Une innovation révolutionnaire dans le stockage de données pourrait transformer les appareils électroniques quotidiens. Une équipe de chercheurs a mis au point une technique plasma utilisant l’hydrogène fluoriné, doublant le taux de gravure des puces mémoire. Un pas de géant vers des dispositifs plus performants et compacts.
Un nouveau processus de gravure basé sur le plasma pourrait conduire à un stockage de données plus dense dans les téléphones, les appareils photo et les ordinateurs. Des chercheurs ont développé une technique à plasma d’hydrogène fluoré qui double le taux de gravure dans le processus de fabrication des puces mémoire flash 3D NAND.
Le stockage flash NAND standard est utilisé dans les cartes microSD, les clés USB et les disques à état solide dans les ordinateurs et les téléphones. Pour intégrer plus de gigaoctets dans des espaces plus petits, les constructeurs ont commencé à empiler verticalement les cellules mémoire dans un processus appelé NAND 3D.
Les avancées dans le NAND 3D ont poussé les conceptions de puces au-delà de 200 couches, des entreprises comme Micron, SK Hynix et Samsung visant déjà une technologie à 400 couches pour augmenter la densité de stockage. Cependant, un nombre de couches plus élevé entraîne également une plus grande complexité de fabrication. Un processus particulièrement exigeant est la gravure, qui nécessite de sculpter méticuleusement des trous précis, couche par couche, à travers des couches de silicate de silicium et de nitride de silicium alternées.

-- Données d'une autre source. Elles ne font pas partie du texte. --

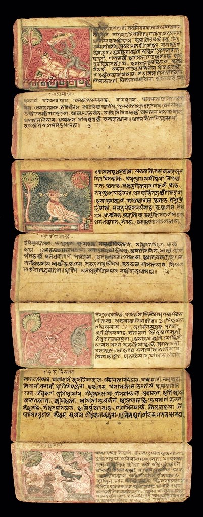 From source: Object Number: 1984.431 Title: Illustrated Manuscript of Folklore (Hitopadesha) Date: c. 1800 CE Creation Place: South Asia, Nepal Culture: Nepalese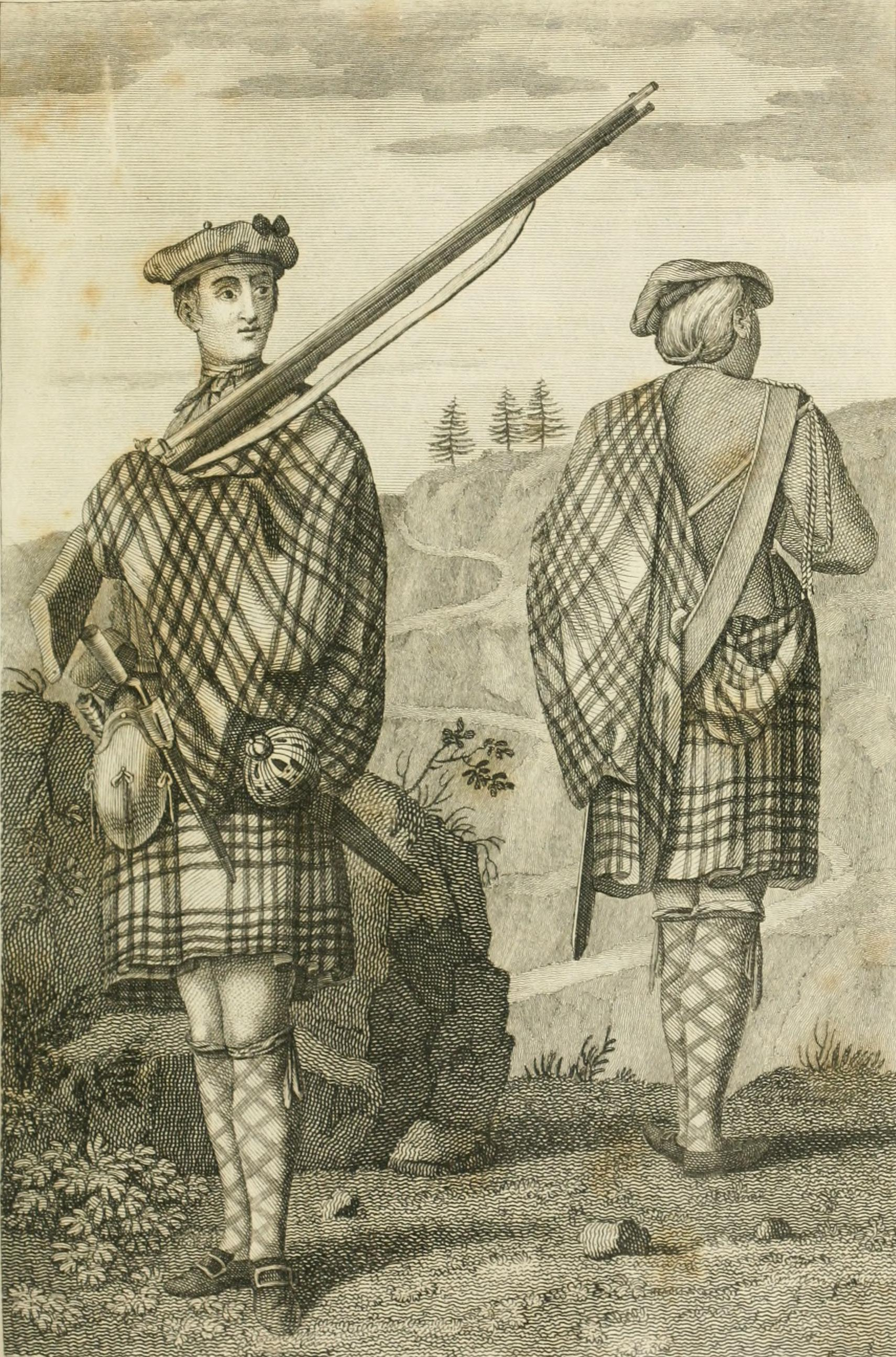 Highland soldiers.

Des chercheurs de Lam Research, de l’Université du Colorado Boulder et du Princeton Plasma Physics Laboratory (PPPL) ont développé une nouvelle technique pour rationaliser ce processus. Elle utilise un plasma d’hydrogène fluoré cryogénique (à basse température) pour graver les trous. Dans les expériences, le taux de gravure a plus que doublé, passant de 310 nanomètres par minute avec l’ancienne méthode à 640 nm/min avec leur approche. Ils ont également constaté que les trous gravés étaient plus propres.

Voyant des avantages, les chercheurs ont expérimenté l’ajout de quelques autres ingrédients à la recette du plasma d’hydrogène fluoré. Le trifluorure de phosphore a agi comme un boost nitreux pour la gravure du dioxyde de silicium, quadruplant son taux. Ils ont également testé le fluorosilicate d’ammonium. L’équipe a détaillé ses découvertes dans une étude publiée dans le Journal of Vacuum Science & Technology.
Bien que certains défis demeurent, la nouvelle technique pourrait surmonter un obstacle de fabrication significatif. Igor Kaganovich, un physicien de recherche principal au PPPL, a souligné que l’augmentation de la densité mémoire sera cruciale à mesure que les besoins en données augmentent avec l’adoption de l’IA.
Il est encore trop tôt pour dire si cela se traduira par des puces NAND moins chères ou plus denses pour les consommateurs. La technique doit encore prouver sa viabilité commerciale et être mise à l’échelle pour la production de masse. Même si les constructeurs adoptent le processus, rien ne garantit que les économies de coûts parviendront aux consommateurs.